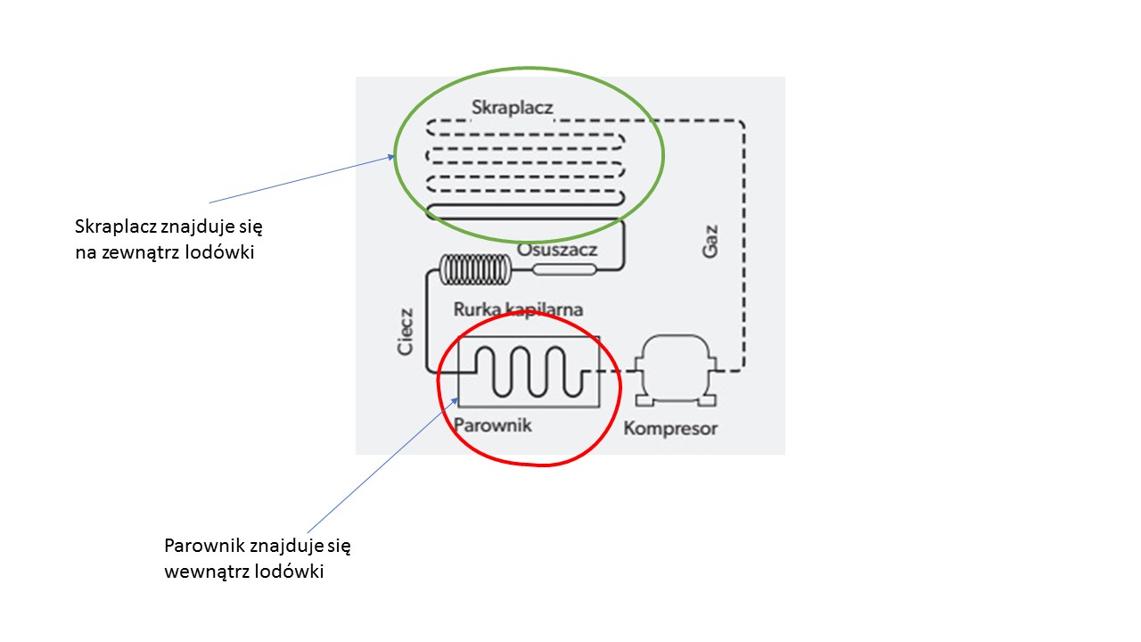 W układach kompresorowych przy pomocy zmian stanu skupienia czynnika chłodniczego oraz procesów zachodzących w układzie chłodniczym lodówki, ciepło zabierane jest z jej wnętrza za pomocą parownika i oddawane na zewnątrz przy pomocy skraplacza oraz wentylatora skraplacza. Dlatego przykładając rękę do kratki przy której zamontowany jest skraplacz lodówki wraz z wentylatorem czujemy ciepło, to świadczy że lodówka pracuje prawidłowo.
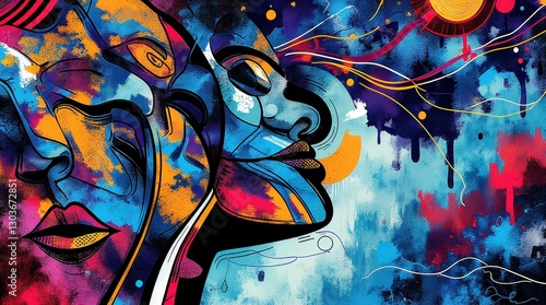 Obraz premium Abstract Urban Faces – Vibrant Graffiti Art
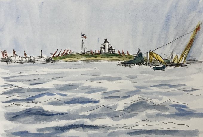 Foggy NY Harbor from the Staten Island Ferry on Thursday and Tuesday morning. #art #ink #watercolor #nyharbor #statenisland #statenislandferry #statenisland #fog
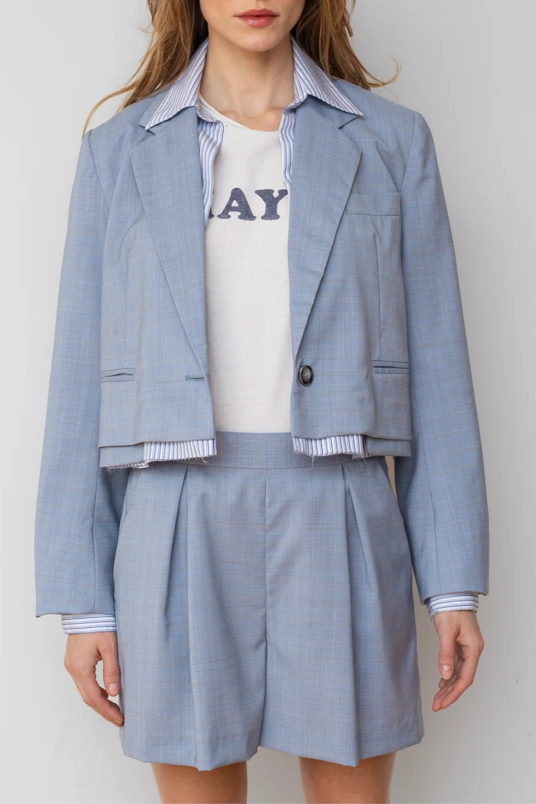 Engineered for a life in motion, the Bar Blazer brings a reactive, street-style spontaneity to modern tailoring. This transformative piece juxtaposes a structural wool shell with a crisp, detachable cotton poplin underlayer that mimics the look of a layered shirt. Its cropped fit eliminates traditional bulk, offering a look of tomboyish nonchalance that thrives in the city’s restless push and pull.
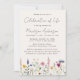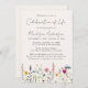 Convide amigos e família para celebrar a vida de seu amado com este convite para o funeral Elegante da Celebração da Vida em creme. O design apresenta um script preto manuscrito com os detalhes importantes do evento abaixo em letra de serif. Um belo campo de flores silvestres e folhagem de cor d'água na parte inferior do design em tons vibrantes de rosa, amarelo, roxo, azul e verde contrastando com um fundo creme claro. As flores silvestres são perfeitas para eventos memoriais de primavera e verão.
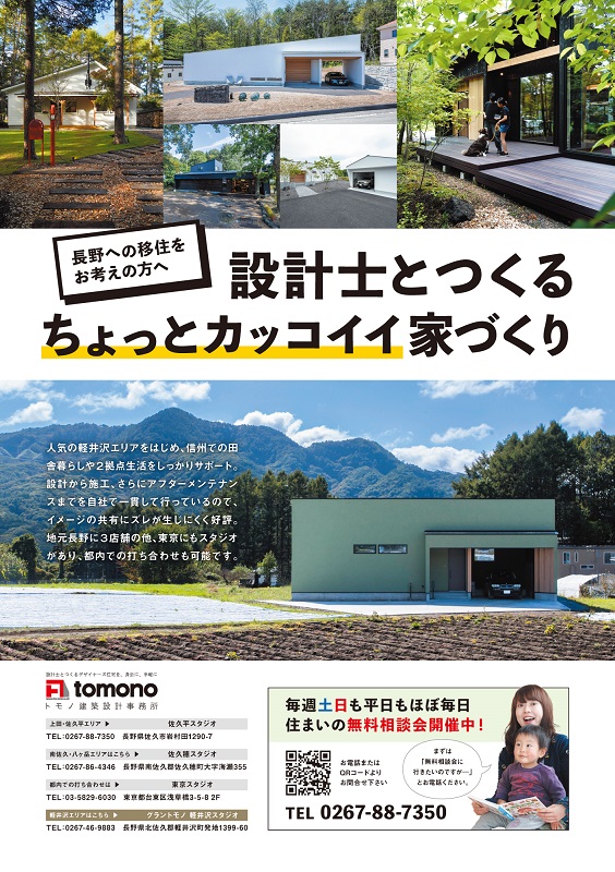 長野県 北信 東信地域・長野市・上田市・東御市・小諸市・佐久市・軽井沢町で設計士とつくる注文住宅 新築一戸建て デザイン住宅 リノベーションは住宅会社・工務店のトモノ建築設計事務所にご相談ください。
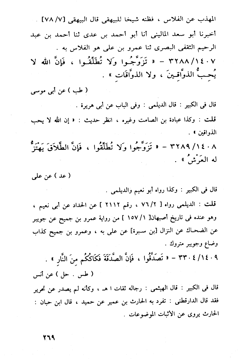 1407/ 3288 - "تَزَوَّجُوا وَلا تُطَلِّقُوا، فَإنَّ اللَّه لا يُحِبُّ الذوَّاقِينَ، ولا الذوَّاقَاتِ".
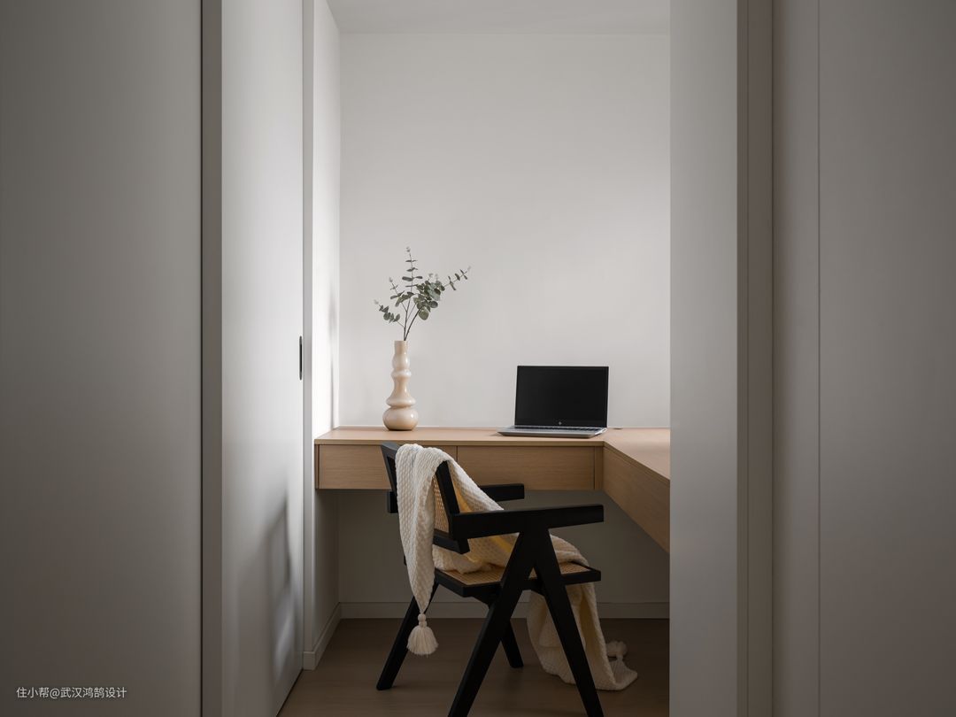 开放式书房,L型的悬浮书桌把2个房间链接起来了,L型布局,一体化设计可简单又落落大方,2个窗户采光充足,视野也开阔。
· · · ·
TASK GOAL: An answer that restates all the entries exactly and drops the images is what is needed.

SOLUTION FOR THIS PROBLEM:
 W układach kompresorowych przy pomocy zmian stanu skupienia czynnika chłodniczego oraz procesów zachodzących w układzie chłodniczym lodówki, ciepło zabierane jest z jej wnętrza za pomocą parownika i oddawane na zewnątrz przy pomocy skraplacza oraz wentylatora skraplacza. Dlatego przykładając rękę do kratki przy której zamontowany jest skraplacz lodówki wraz z wentylatorem czujemy ciepło, to świadczy że lodówka pracuje prawidłowo.
 Obraz premium Abstract Urban Faces – Vibrant Graffiti Art
 Foggy NY Harbor from the Staten Island Ferry on Thursday and Tuesday morning. #art #ink #watercolor #nyharbor #statenisland #statenislandferry #statenisland #fog
 Engineered for a life in motion, the Bar Blazer brings a reactive, street-style spontaneity to modern tailoring. This transformative piece juxtaposes a structural wool shell with a crisp, detachable cotton poplin underlayer that mimics the look of a layered shirt. Its cropped fit eliminates traditional bulk, offering a look of tomboyish nonchalance that thrives in the city’s restless push and pull.
 Convide amigos e família para celebrar a vida de seu amado com este convite para o funeral Elegante da Celebração da Vida em creme. O design apresenta um script preto manuscrito com os detalhes importantes do evento abaixo em letra de serif. Um belo campo de flores silvestres e folhagem de cor d'água na parte inferior do design em tons vibrantes de rosa, amarelo, roxo, azul e verde contrastando com um fundo creme claro. As flores silvestres são perfeitas para eventos memoriais de primavera e verão.
 長野県 北信 東信地域・長野市・上田市・東御市・小諸市・佐久市・軽井沢町で設計士とつくる注文住宅 新築一戸建て デザイン住宅 リノベーションは住宅会社・工務店のトモノ建築設計事務所にご相談ください。
 1407/ 3288 - "تَزَوَّجُوا وَلا تُطَلِّقُوا، فَإنَّ اللَّه لا يُحِبُّ الذوَّاقِينَ، ولا الذوَّاقَاتِ".
 开放式书房,L型的悬浮书桌把2个房间链接起来了,L型布局,一体化设计可简单又落落大方,2个窗户采光充足,视野也开阔。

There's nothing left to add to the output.